Setting up a DMZ with private IP addresses

When should I use private IP addresses in my DMZ?

If you don’t have a /29 or two /30 public IP subnets at your disposal, then you need to configure your DMZ with private IP addresses. This is also an option is you simply don’t want to use public IP addresses for your DMZ or because you prefer to use masquerading (NAT).

Important

In this scenario, all DMZ servers share the same public IP address, which means you cannot use round robin DNS for load balancing.

Requirements

Reserve a subnet for your DMZ in a range that is not used elsewhere in your network, including VPN tunnels. Undesirable routing conflicts will occur otherwise.

Schematic Diagram

DMZ Example with Private IPs

AXS Guard Configuration

Internet Interface

No specific configuration required.

DMZ Interface

Configure the DMZ interface with an IP address in a private IP range, i.e. 10.0.0.0 - 10.255.255.255, 172.16.0.0 - 172.31.255.255 or 192.168.0.0 - 192.168.255.255.

NAT Rules

  1. Go to Network > NAT > Masquerading to create a MASQ rule to masquerade traffic originating from the DMZ going towards the Internet. Failing to do so will cause traffic to be dropped when it leaves the AXS Guard appliance, as private IP addresses don’t work on the public Internet.

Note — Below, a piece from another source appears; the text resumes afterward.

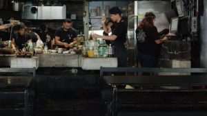 Expendio de Maíz, casi oculto entre otros locales sin rótulo ni indicaciones visibles, recibe a las personas en cuatro largas mesas comunales bajo un toldo en la banqueta. Aquí no hay reservas, ni carta: llegas, apuntas tu nombre, y el equipo comienza a servir sorpresas desde la cocina abierta, preguntando cuánto apetito tienes y tus preferencias.

  2. Create the required port forwarding rules via Network > NAT > Port Forwarding to forward traffic from the Internet to the DMZ server. You can select only one destination IP address; so no load balancing is possible here. If you need load balancing, it must be set up separately between the AXS Guard appliance and the DMZ servers.

Firewall Configuration

If your DMZ server needs to connect to the Internet, go to Firewall > Rules > Through and add the rules to a static firewall policy or a dynamic firewall policy that is assigned to the AXS Guard computer entry created for the DMZ server. Dynamic firewall policies are preferred.